- Born: 26 May 1944 (age 82) Raebareli, United Provinces, British India
- Citizenship: British
- Education: University of Karachi, Pakistan University of Manchester, U.K.
- Known for: Razi Naqvi Kinetic Law
- Scientific career
- Fields: Chemical and Biophysics
- Workplaces: Norwegian University of Science and Technology (NTNU) Norwegian Institute of Technology

= Kalbe Razi Naqvi =

British Pakistani-Norwegian physicist (born 1944)

Kalbe Razi Naqvi (قلب رضی نقوی; born 1944) is a British Pakistani-Norwegian physicist, who has been ordinarily resident in Norway since 1977, working as a professor of biophysics in the Norwegian University of Science and Technology. He retired at the end of June 2014, and is now a Prof. Emeritus in NTNU.

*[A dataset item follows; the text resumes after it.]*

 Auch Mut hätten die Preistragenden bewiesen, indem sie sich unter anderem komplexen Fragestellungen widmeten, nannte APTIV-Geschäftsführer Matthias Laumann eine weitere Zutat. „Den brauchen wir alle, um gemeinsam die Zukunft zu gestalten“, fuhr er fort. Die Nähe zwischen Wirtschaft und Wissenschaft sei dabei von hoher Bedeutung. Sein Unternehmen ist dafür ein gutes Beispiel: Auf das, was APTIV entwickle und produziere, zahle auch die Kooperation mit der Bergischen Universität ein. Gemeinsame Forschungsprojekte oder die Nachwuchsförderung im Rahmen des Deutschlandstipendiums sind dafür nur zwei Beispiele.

==Early life and education==
Born in Rae Bareli, British India in 1944, Naqvi received his school and university education in Karachi, and moved to the United Kingdom in 1964, when the University of Manchester awarded him a research scholarship. He joined the molecular physics group, and obtained his Ph.D. in 1968 for a thesis entitled “Delayed light emission from organic molecules in solution”. The Royal Society of London appointed him to a Rutherford Scholarship for the period 1968–71 to continue his work on the behaviour of the excited states of molecules. In 1969, he moved to the Department of Chemistry, University of Sheffield, where he stayed for five years.

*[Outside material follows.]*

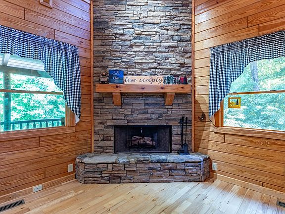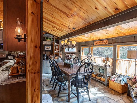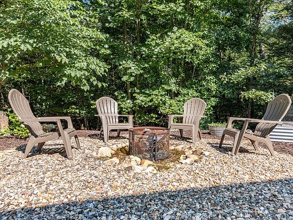 This original-owner cabin-style home has been meticulously cared for and underwent significant updates in 2019 including new sinks, toilets, custom bathroom countertops, stainless steel appliances, & kitchen cabinets with solid wood/soft-close doors, featuring leathered granite countertops in the kitchen & main floor half bath. Recent additions encompass exterior paint, driveway gravel, & landscaped gardens with perennials and mature trees, eliminating lawn maintenance. The main level showcases a vaulted living room with a floor-to-ceiling stacked stone wood-burning fireplace, exposed beams, & abundant windows for natural light. The 2015 dining room addition includes a built-in hutch with an electrical outlet, ideal for a coffee bar, large windows with beautiful mountain views, & natural stone floor. The top floor features a vaulted open loft office/study home office & a BR overlooking trees plus a full BA w/ a handmade vanity c-top. The lower level includes a third bedroom with patio access & nearby fire pit, plus an oversized rec room/den. A 2013 2-story outbuilding w/ windows & a concrete foundation houses a workshop with electricity, cabinets, counter space, peg-board wall, & ample storage. Additional features: hickory wood flooring, LVP flooring, ample parking, & gently-sloped woods with potential vista pruning for a ridge view. Come explore this truly peaceful setting that's a quick 12-min drive to DT Blue Ridge, offering shopping, dining, breweries, & wineries.

==Research in chemical physics==

Naqvi became a naturalized British citizen in 1974, but left Sheffield for the Physical Chemistry Laboratory, Swiss Federal Institute of Technology (ETH) in Zurich. In 1976, he reported the first example of a comparatively rare phenomenon: electronic energy transfer, mediated by electron exchange, from a triplet donor to a double acceptor; in his experiments, the donor was the benzophenone triplet and the acceptor was the benzophenone ketyl radical.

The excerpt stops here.